New Delhi: The Centre announced Tuesday that it will install micro seismic observation systems at Joshimath, the gradually sinking Himalayan town in Uttarakhand. Earth Sciences Minister Jitendra Singh made the announcement at the India-UK Workshop of Geosciences here and said the observation systems will be in place by Wednesday.
Addressing the workshop, Jitendra Singh said there was a critical need for fundamental research on the physical processes that lead to failure of the brittle layers beneath the crust and sub-crust.
Singh noted that human consequences of natural disasters in India were rising rapidly and stressed on the need to devise proper mitigation strategies. Singh said the Ministry of Earth Sciences had established 37 new seismological centres in the last two years for extensive observation facilities, generating a huge database for outcome-oriented analytics.

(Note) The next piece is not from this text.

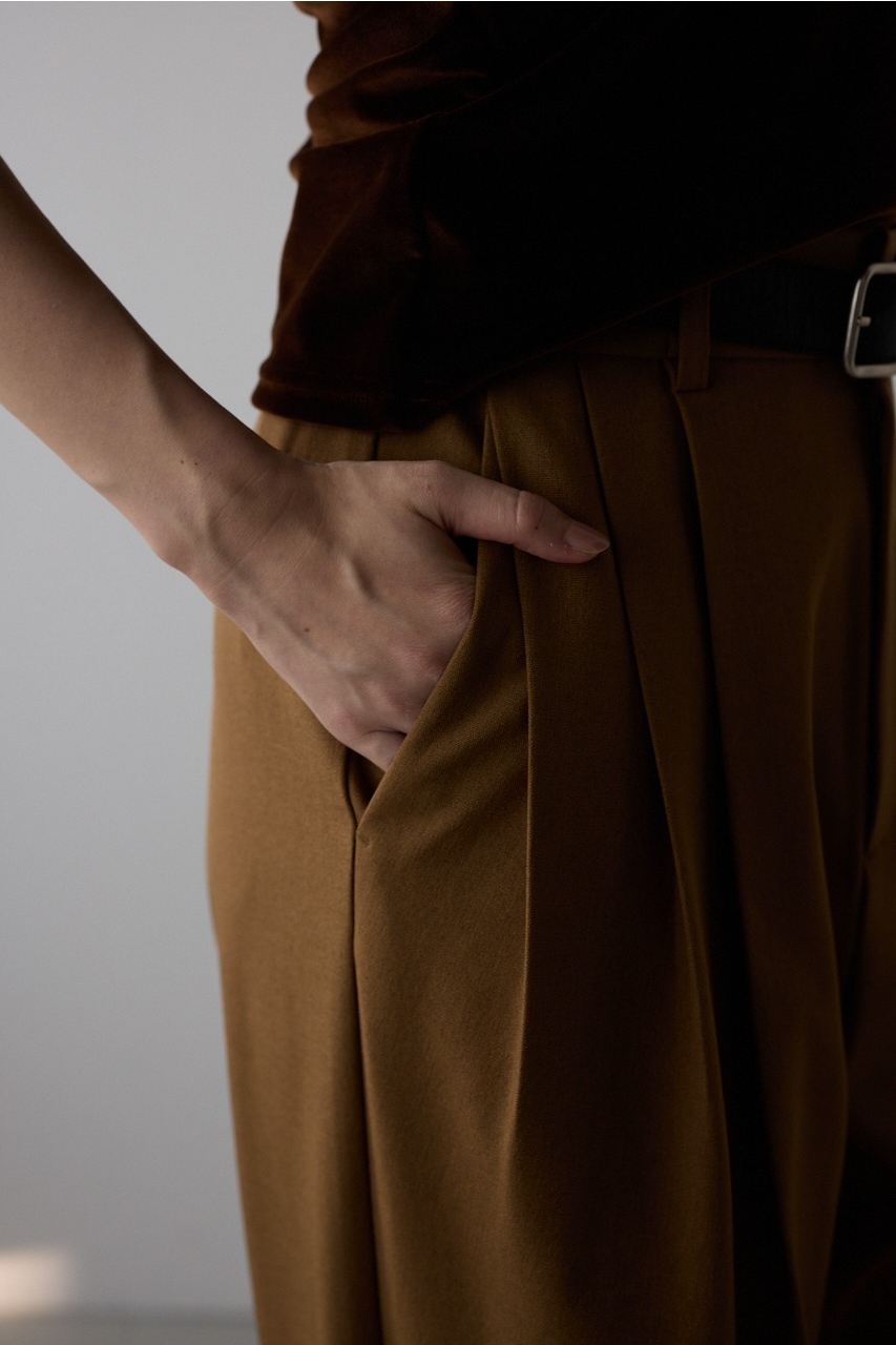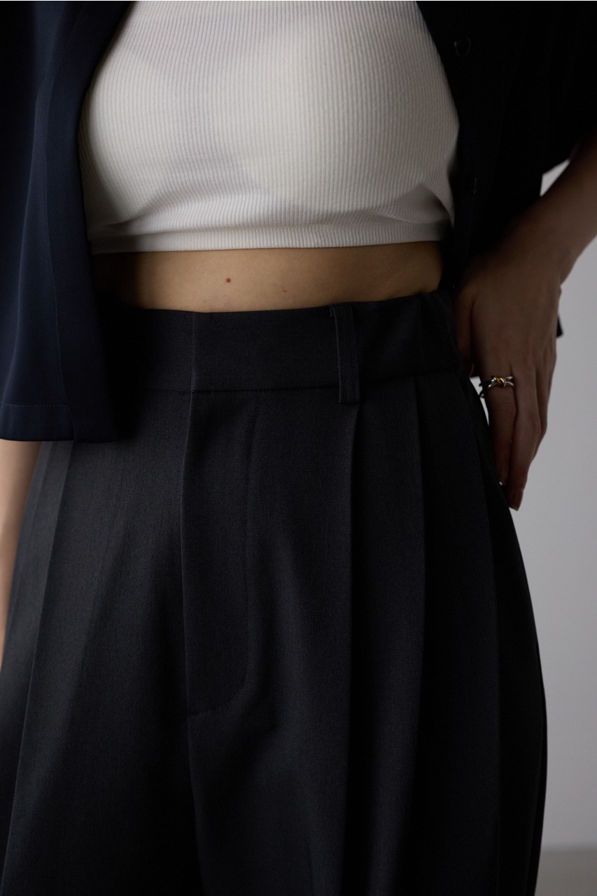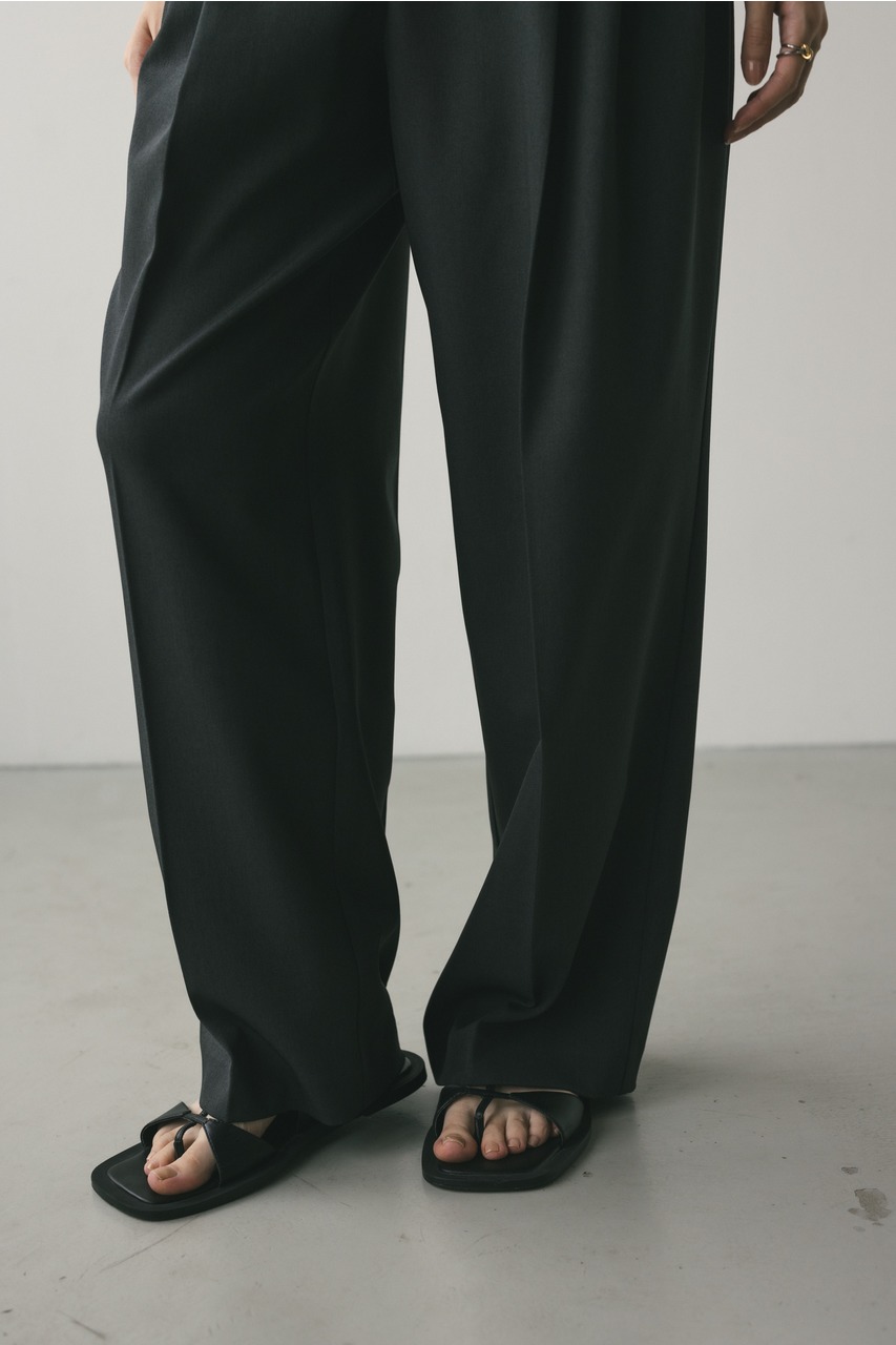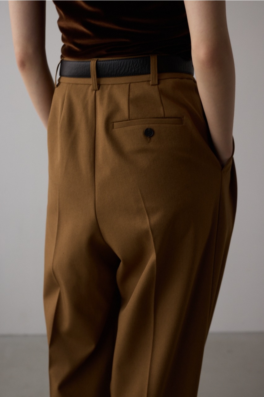 3タックデザインがマニッシュなスタミキの美脚スラックス。、微ストレッチでしわになりにくい素材を使用。500HAS31-0191(ショートテーラーベスト)とセットアップ着用可能。透け感IVO裏地付き、ストレッチややあり。パンツ丈通常もご用意しています。(500IAS31-1401 3タックスラックス)

The minister pointed out that in the next five years, 100 more such seismological centres will be opened across India for improving real time data monitoring and data collection.
Officials said seismic microzonation study for the area would generate risk resilient parameters for safer dwellings and infrastructure. They said Joshimath falls under the highest seismic ‘Hazard Zone V’ as it experiences continuous seismogenic stresses.
Seismic energy generation due to micro-earthquakes may have weakened the strength of the rocks as Joshimath is located in the earthquake rupture zone of the 1999 Chamoli earthquake, the officials pointed out.
Climatic factors such as excessive precipitation and flow of water from mountains into massive cracks and fractures in the sub-surface rocks lead to widening of cracks and hastening the slip in rock material, Singh informed.
Addressing the workshop, Singh said scientific understanding of the processes behind disasters has grown immensely over the past 50 years. There is a need for strengthening further international collaborations like the Indo-UK initiative to fight such disasters.
The two-day workshop was attended by British High Commissioner Alex Ellis; Wendy Matcham, head, Natural Environment Research Council (NERC), UK Research and Innovation (UKRI); OP Mishra, director, National Centre for Seismology and Sukanya Kumar, acting director, UK Research and Innovation India.